Training Transformer models

maxmatical · May 9, 2019, 5:26pm

Has anyone had any experience training the Transformer/Transformer XL models? I tried to use Transformer for ULM-FiT on the IMDB dataset, and found that the accuracy for training the frozen language model to have about 1/3 the validation accuracy compared to the AWD-LSTM. It may be due to the fact that the model needs much longer to train, but has anyone been able to get good results using Transformers?

sgugger · May 9, 2019, 6:05pm

The pretrained model isn’t with the same tokenization as fastai, it GPT-1 from openAI, so you should use their tokenization.

maxmatical · May 9, 2019, 6:39pm

Ah ok, how should I use their tokenization? And if I use a non-pretrained model, will the default fastai tokenization work?

sgugger · May 9, 2019, 6:44pm

If you use a non-pretrained model, any tokenization will work yes. It’s just likely the reason you found bad results with the pretrained one.

maxmatical · May 9, 2019, 7:03pm

Thanks for your help! A few last questions: does transformerXL use different tokenization as well? If we want to use pre-trained transformer/transformerXL, how would we go about the process (or will fastai implement those in the future)?
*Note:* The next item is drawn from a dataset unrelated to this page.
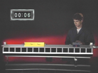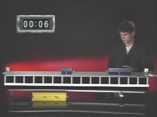 | A variety of collisions between gliders of equal and unequal mass are performed on an air track . (Disc 5-2, 1 min. 45 sec.) |

I’m assuming I would have to implement their tokenizers and wrap it with a BaseTokenizer?

sgugger · May 9, 2019, 7:26pm

There is no pretrained model with transformer XL yet. We’ll be releasing one soon, and it’ll be with the default fastai tokenization.

chatuur · September 11, 2019, 3:21pm

Hey @sgugger,

Is the usage of GPT-1 documented in a notebook in docs_src so I can see a working example (If not I’d love to volunteer)?

Does fastai provide a GPT-1 tokenizer?
I could not locate one in text.transform.

How would one go about using the GPT-1 tokenizer along with the default pretrained model for Transformer to train a language model?

sgugger · September 11, 2019, 4:01pm

No it’s not documented anywhere, and no one has suggested a working example AFAICT. There is no GPT1-tokenizer, although we have Sentencepiece with BPE.

chatuur · September 12, 2019, 5:39am

Hey @sgugger,

Thanks for the response.
If I understand correctly you’re referring to this https://github.com/google/sentencepiece.

What I’m trying to understand is as follows:

Jeremy through the course of his lectures shows a default way of doing a lot of things. Approaches that work out of the box because they’ve been fine-tuned.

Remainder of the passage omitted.